*DATA SEGMENT*
╭──
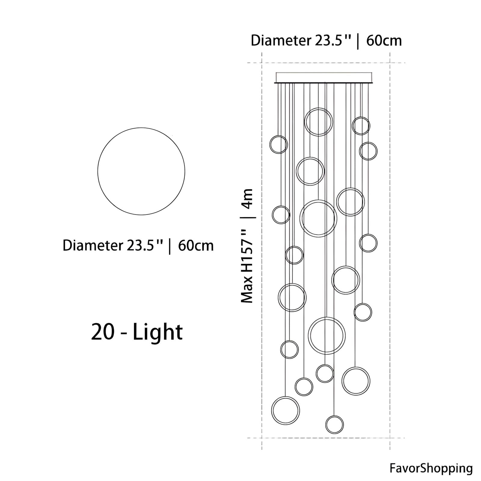 - 20 Lights: 23.5" / 60cm D x 157" / 400cm H
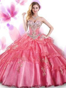 Wonderful Floor Length Ball Gowns Sleeveless Coral Red Sweet 16 Quinceanera Dress Lace Up
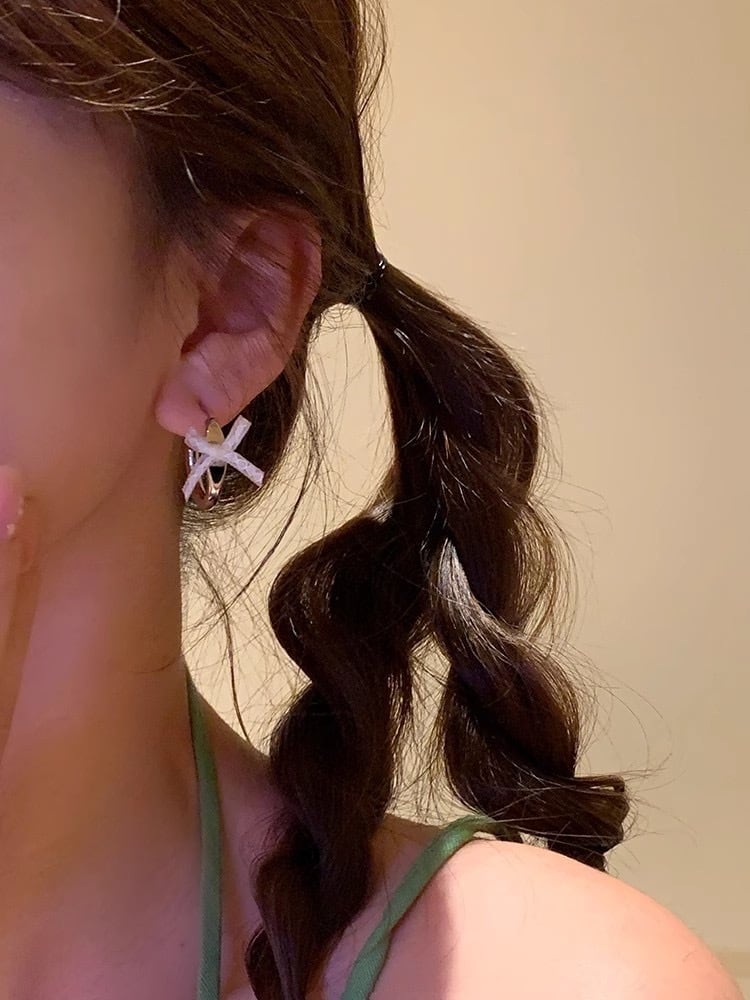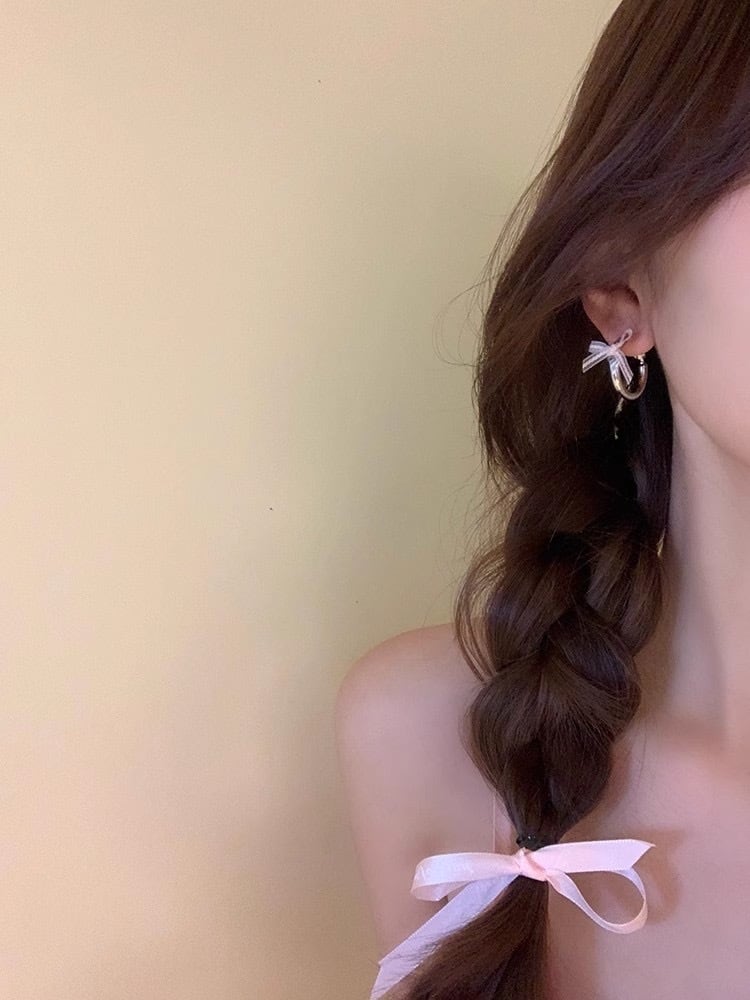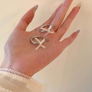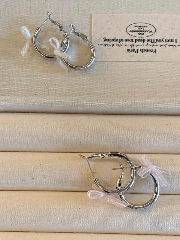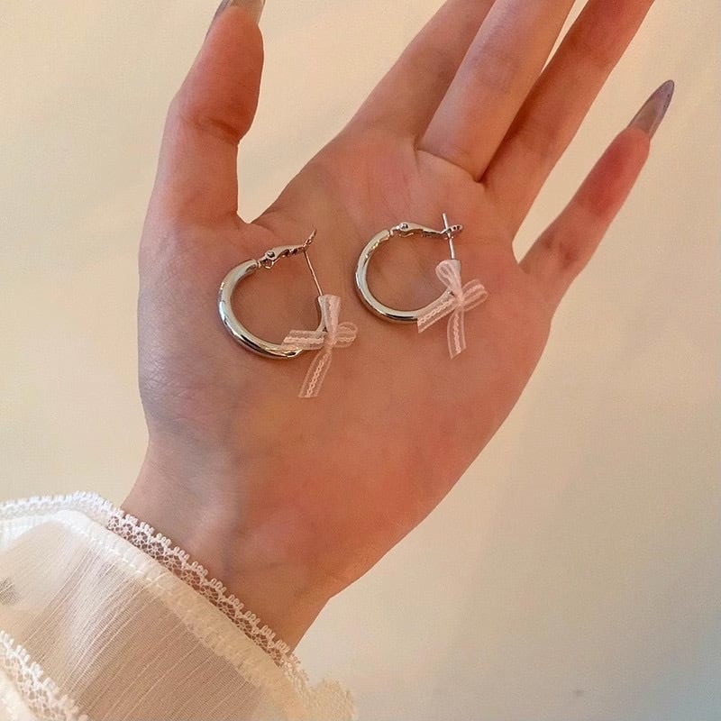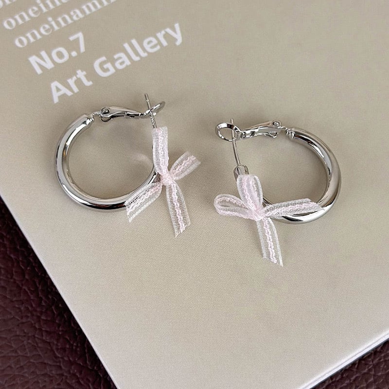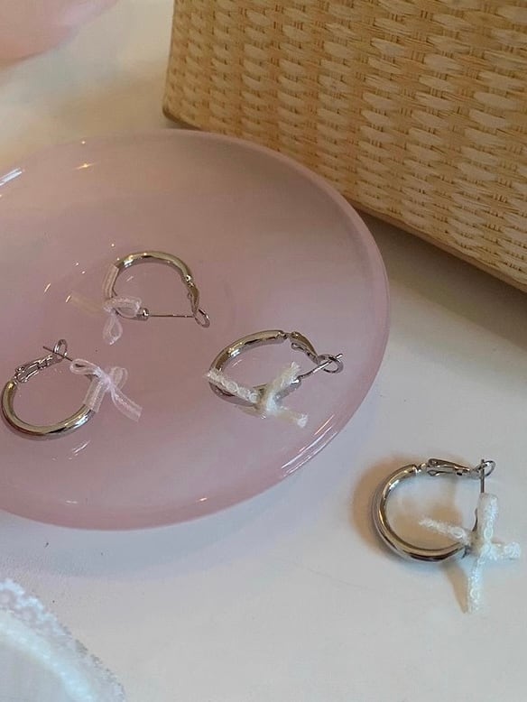 シルバーにガーリーなレースリボンがアクセントのピアス。
╰──
*WORK INSTRUCTIONS*
Copy every line of the listing above exactly. Leave each picture out.

*RESULT OF THE EXERCISE*
 - 20 Lights: 23.5" / 60cm D x 157" / 400cm H
 Wonderful Floor Length Ball Gowns Sleeveless Coral Red Sweet 16 Quinceanera Dress Lace Up
 シルバーにガーリーなレースリボンがアクセントのピアス。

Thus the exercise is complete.